Dealing with Domain Precision and Granularity

Dealing with Domain Precision and Granularity

While teaching several classes in Brisbane, Australia recently, I discussed when it is best to start thinking about each of the Conformed Dimensions of Data Quality (CDDQ) within the context of a typical waterfall Software Development Lifecycle (SDLC). We will not cover each dimension per phase here in this blog, but I thought I'd just cover Precision as an example and provide my thoughts on the other dimensions relating to each of the phases as a separate document.

Click here to access a spreadsheet with each of the Underlying Concepts of the Conformed Dimensions (release 4.3) grouped by the SDLC phase in which you should start considering them.

In terms of Precision, I'll expand on the three underlying concepts within the Precision dimension in order to share the value of this approach. These are each defined here: Precision of Data Value, Granularity, and Domain Precision.

The challenge with precision is that if you don't record the data at the level of detail required for analysis, it's nearly impossible to reverse engineer that data to get to a more granular level. For instance, if you haven't already collected the hour of the day in which purchases were made, your ability to identify behavioral aspects relating to when the product was purchased would be significantly limited. For instance, below, if we have only collected the date of purchase, we can only derive the Day of Week (slightly more granular) retrospectively. Using this, I can identify trends in increased/decreased purchases (say on Friday/Saturday/Sunday, in other words on weekends). See example data below.

Transaction IDDate
Day of Week (Derived Later)
Line ItemIce-cream flavor
1993742018-07-19Thursday1Fudge ripple ice cream
1993742018-07-19Thursday2Rocky road ice cream
1993752018-07-21Saturday1Lemon custard ice cream


But would you be able to ensure that the right number of staff were working when you sold the ice cream? For instance, how many should you hire during the noon lunch hour or late Friday-Sunday nights? Would you know when you had fewer sales than staff bandwidth, meaning you should offer promotions during those times? Unfortunately, the answer to both questions, is no. If you however, collected hour of day via your point of sale system, then you would have the ability to group sales by hour of the day. Consider the following data set as an example and the associated chart you could make.

Transaction ID


plus Time

Day of WeekLine ItemIce-cream flavor
1993742018-07-19 14:27Thursday1Fudge ripple ice cream
1993742018-07-09 11:33Monday2Rocky road ice cream
1993752018-07-21 11:21Saturday1Lemon custard ice cream

Would you like to analyze this data yourself? Click here to access the CSV file of this data in order to profile it yourself. If you'd like a copy of the Ice-cream flavor reference data as well, use this CSV file.

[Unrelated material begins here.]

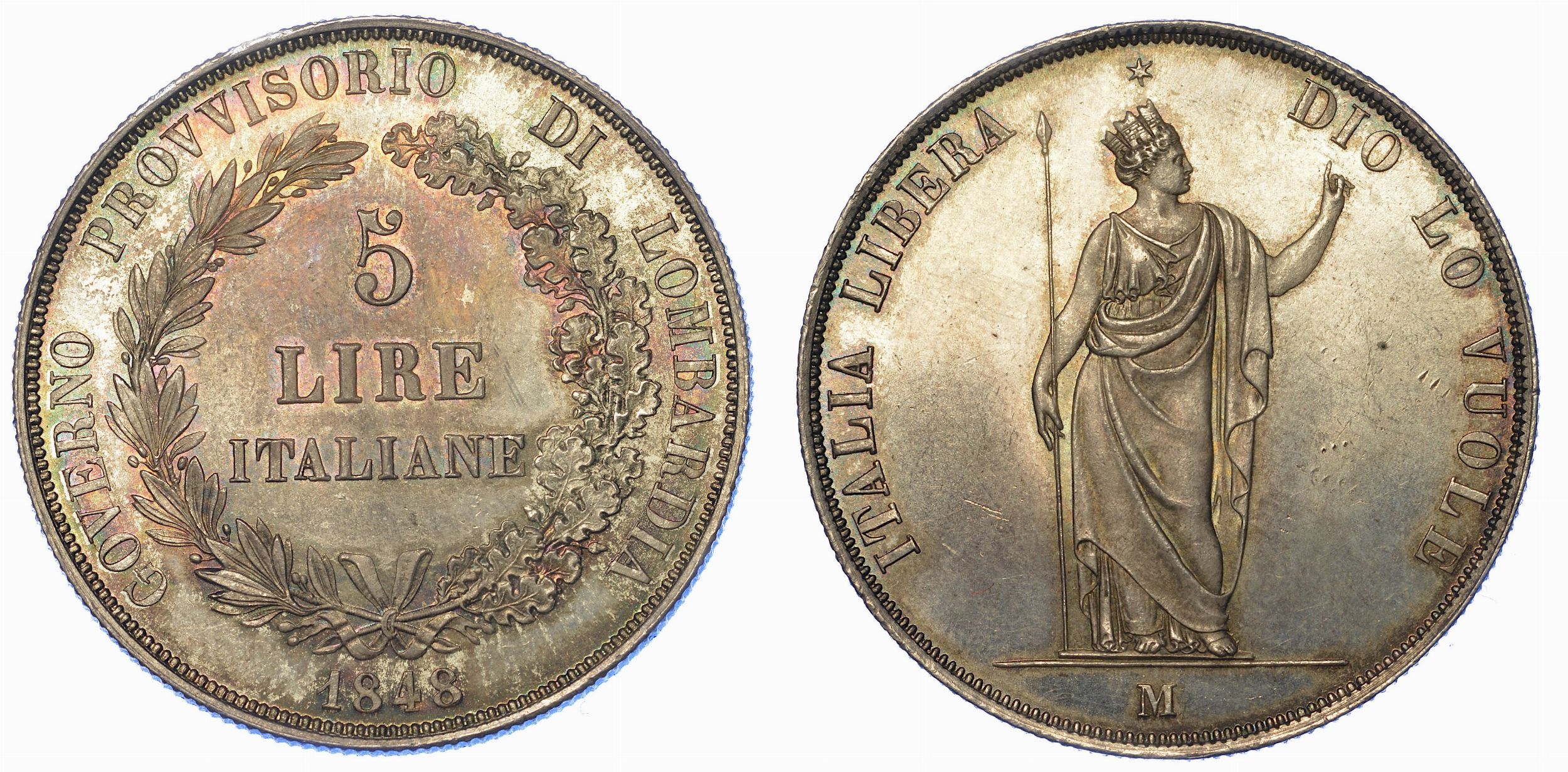 MILANO. GOVERNO PROVVISORIO DI LOMBARDIA 1848. 5 Lire 1848.

Above, we've just illustrated the concept of Domain Precision, which identifies the granularity we store data in each column. Note that there are variants based on data-types. We just described this using the date data-type, but we could have defined continuous numeric (Precision of Data Value), or categorical data types as well. Here are a few examples of each data type.

Data TypeExample
Numeric ContinuousMoney, Temperature, Speed…etc
CategoricalIce cream flavors, Geographic States, Cost Centers…etc
DateYear, Year-month, Year-month-day…etc

Now, going back to where we started this discussion. If you don't know what type of analysis you plan to do with the data, collection at the right level of granularity (table grain), or domain precision (attribute grain), can be challenging. My recommendation is to store it at the most granular level possible and document that via robust descriptions (Metadata Availability). This is an Oldy but Goody cited both by Martin Zinkevich's (Google) Rules of Machine Learning, Rule #2.2 and 2.3 and Ralph Kimball's Rule #1: Load detailed atomic data into dimensional structures (by Margy Ross).

In summary, here's the way to think about Precision. We must ensure that data is modeled and stored at the right level of specificity in order to ensure we represent the real-world concept in the most natural form. To do this we use the term Granularity to describe how specific the row is and we use Domain Precision to describe how specific the value is within a column. In the two table examples provided above, the granularity is one row per transaction line item detail (aka: composite key between the Transaction ID and Line Item). In the first table, we defined the Domain Precision for the Date Column at the day level, and in the second table we defined it at the day-hour level of detail (technically it is the day-hour-minute but we didn't use the minute detail).